A Brief Introduction of LabCaS

We present a novel method to predict calpain cleavage sites from the flanking sequences of substrates. This method employs Conditional Random Fields (CRFs), a sequential supervised machine learning technique, to identify the cleavage sites. The advantage of CRFs is that it is insensitive to the ratio between positive and negative so all the negative samples are used to establish model and avoid information loss. Two different fusion strategies are tested in this study, i.e., feature level fusion and decision level fusion. Experimental results have shown that the latter is a better choice.

The web server LabCaS (Labeling Calpain substrate cleavage Sites) was developed by integrating different feature informations and conditional random fields.

For a query protein sequence, LabCaS will discriminate whether its all amino acid residues are cleavage sites or not, and give the probabilities belonging to cleavage site.

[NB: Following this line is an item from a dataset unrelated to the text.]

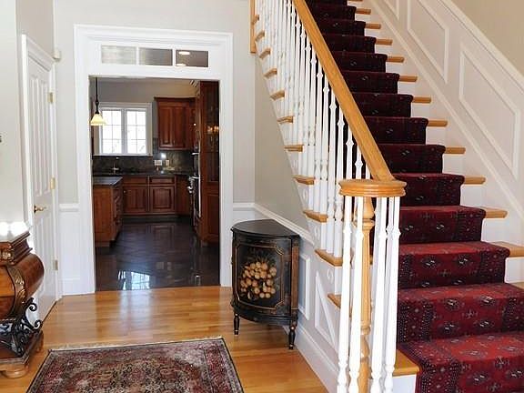Now priced below recently appraised value, this home is just the right blend for comfortable living and formal entertaining. Well maintained brick-front Federal colonial with beautiful features throughout - transom and Palladian windows, wainscoting, dentil and crown moldings, beams, exterior granite window crowns and sills in brick facade. Remarkable cook's kitchen: Viking range and hood, Kitchen Aid wall oven and microwave/oven combination, Sub-Zero refrigerator, and large island. Sophisticated audio features in many rooms. Two offices. Two staircases. 1st floor office with full bath access and closet ideal for extended guests needing a single floor living arrangement. Use the second master suite with attached bath on the second floor or the entire third floor for au pair or teenage suite needs. The exterior features professional landscaping, peaceful babbling brook, walk-out basement, new deck for entertaining, brick patio, and just the right amount of woodlands for your privacy.

For more information, refer to the original paper that has documented the predictor.
To obtain the predicted result with the expected success rate, the query proteins should be in Fasta format as input, please reference the example. The following points are important when using LabCaS:

    1. LabCaS is focused on the prediction of calpain cleavage sites only.

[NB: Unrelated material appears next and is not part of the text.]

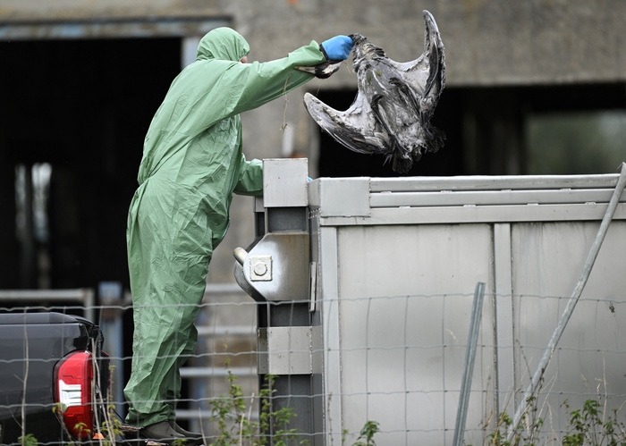 10月22日,在德国利努姆,一名身穿防护服的工作人员将因禽流感死亡的鹤装车。 据路透社报道,利努姆附近一处南迁候鸟栖息地近日发生禽流感疫情。 新华社/路透

    2. Your input sequence length should be at least more than 50 amino acid residues and no more than 6000 amino acid residues. The number of input sequences should be no more than 3 at a time.

    3. In the three ourput formats, "Short without Graphics" only outputs the predicted results at the high threshold; "Long without Graphics" can output the results at the high, middle and low thresholds without the corresponding graphics; "Short with Graphics" can output the results at the high threshold with the corresponding graphics.